Can you benefit from regenerative injections if you are in your 50s, 60s, 70s and beyond?
This question has vexed me. it seems like a cruel twist of fate: patients who need regenerative treatments the most have the least amount of stem cells in their bone marrow and adipose tissue.
Then there are the controversies of using frozen and thawed live stem cells from perinatal tissues, namely umbilical cord blood. There are still questions on whether the cells survive the freezing and thawing or not, and whether they can cause rejection reactions. Add this to the publicized adverse reactions with these types of stem cells and you quickly have a negative stigma. Whether stem cells or a faulty manufacturing practice caused this did not seem to matter to our click-bait media.
So, here is the conundrum: besides platelet-rich plasma, is there any other stronger regenerative product that can benefit older patients? Enter the exosomes.
What are the exosomes?
Exosomes are tiny packets contained in stem cells. They have a lipid membrane and consist of proteins, messenger RNA, and micro RNA from their parent stem cell. They are synthesized from stem cells, and once placed in the body, they traffic or “home" to areas of injury and inflammation. From here, they penetrate the existing cells with the aid of their protein content and signal the cell mechanisms to repair and regenerate. If the stem cells are the bees, then the exosomes are the honey (courtesy of Doug Spiel, MD).
How are they used?
We deliver research-grade, purified exosomes from placental tissue into the injured area with precise radiologic and/or ultrasound guidance. In combination with growth factors from platelet-rich plasma, exosomes have a regenerative effect on bone, cartilage, disc material, nerve, and tendon. We use the platelet-rich plasma as a scaffold to limit traffic out of the injection site.
Exosomes are able to bypass the immune system; hence they do not cause rejection reactions. They do not contain DNA; hence they cannot cause cancer. They do not need more invasive bone marrow extraction or liposuction either.
Best of all, exosomes come from healthy young donors, and therefore are not limited by the age of the recipient. This of course, solves my conundrum. I can use them regardless of the age of the patient.
Although the use of exosomes is restricted to musculoskeletal administration, they can travel throughout the body without the risk of clumping. They do not get stuck in the lungs like the stem cells do, can easily cross the blood-brain barrier because of their small size, and can reach the central nervous system without issue.

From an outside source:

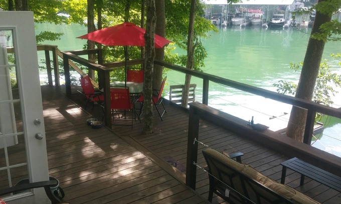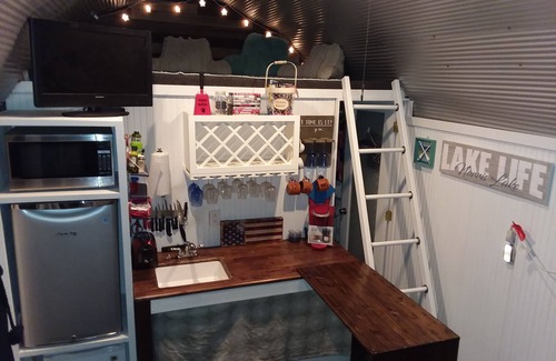 the Little Dipper is back for the 2025 season after a 2 year break! Newly renovated, be the first to enjoy the new couch, new bed, new mattresses, new floors, new paint, new bbq, outdoor lighting, fire pit, linens, movies, water toys, games ect. Lake front trendy tiny home located in Stardust Marina on beautiful Norris Lake! Private boat dock so bring your boat and jet ski's! Come enjoy true lake life living! Don't have one? No worries, Stardust Marina also offers boat rentals, as well as a restaurant with live music on Saturday nights and a gas station for water crafts. The Little Dipper has approximately 50 ft of lake frontage with direct land access on a beautiful lake front wooded setting. Plenty of room for a dog or the kids. Private driveway/parking. Lots of outdoor space perfect for entertaining. Double decks with gas grill, fire pit and hammock. Outside patio set for 4. Outdoor living room with couch and coffee table and 2 additional lounge chairs. The Little Dipper is just a 2 min boat or jet ski ride by water to Stardust Marina, by car 3 mins, and a 10 min walk. The Little Dipper is 15 mins to restaurants, shopping and the interstate. Sleeps 6 Downstairs has the master sleeping area with a queen size bed, wardrobe with closet rack and a 2 drawer dresser. There is also an upstairs loft that is the second sleeping area with a full size bed. Downstairs has a sleeper sofa that is full size. Please just please keep in mind it is a tiny home. There is also another lounge area for kids in a second upstairs loft. All games, cards, DVD's, corn hole ect is there ready for you to play! That loft is perfect for kids wanting to read a book, color, play on a tablet, board games or cards. In the storage shed there are floaties to enjoy on the water, inside the shed there is also a floor fan and a heater. The house has 2 wall ac units. It's always been plenty enough to keep the house cool after a day in the sun. Kitchen has fridge, freezer, microwave, toaster oven, counter top 2 burner electric stove, 2 NuWave precision induction cooktops. 1 with 2 copper pans and the other one with a stainless steel pot and steel steamer basket just for the Nuwave. It also has a toaster, kurig coffee maker, a 5 in 1 flat top mini griddle and dual grill(indoor smokeless) Full size residential size bathroom with full size shower and tub combo. Come enjoy swimming, boating, fishing right off the private boat dock, kayaking and more on beautiful Norris Lake.

This makes possible intra-venous administration, intra-thecal administration, intra-peritoneal (inside the abdomen) administration, and intra-nasal delivery. These various routes open up vast new possibilities of treatment not previously available in regenerative medicine. Here are some of the conditions that might benefit from exosome administration:
• Musculoskeletal - joints, discs, muscles, bones, ligaments, tendons
• Neurodegenerative - multiple sclerosis, Parkinson’s, Alzheimer’s, Huntington’s, ALS, cerebellar ataxia
• Central nervous system injury/trauma - stroke, chronic traumatic encephalopathy, traumatic brain injury, spinal cord injury, transverse myelitis)
• Burns, scars, ulcers
• Heart disease - myocardial infarction, angina, congestive heart failure
• Lung disease - COPD, pulmonary fibrosis
• Liver disease
• Kidney disease
• Inflammatory bowel disease - ulcerative colitis, Crohn’s
• Erectile dysfunction
• Urinary incontinence
• Peripheral vascular disease
• Depression/bipolar disorder
• Drug addiction
• Type 2 diabetes mellitus
Impressive right? Well, in the spirit of full disclosure, we can’t know definitively that exosomes really improve all the conditions above, of course. But the scientific potential is there, and there is ongoing experimentation with each one of those maladies.
So the answer is YES! You can benefit from Regenerative Medicine past the age of 50 and well beyond. Cheers!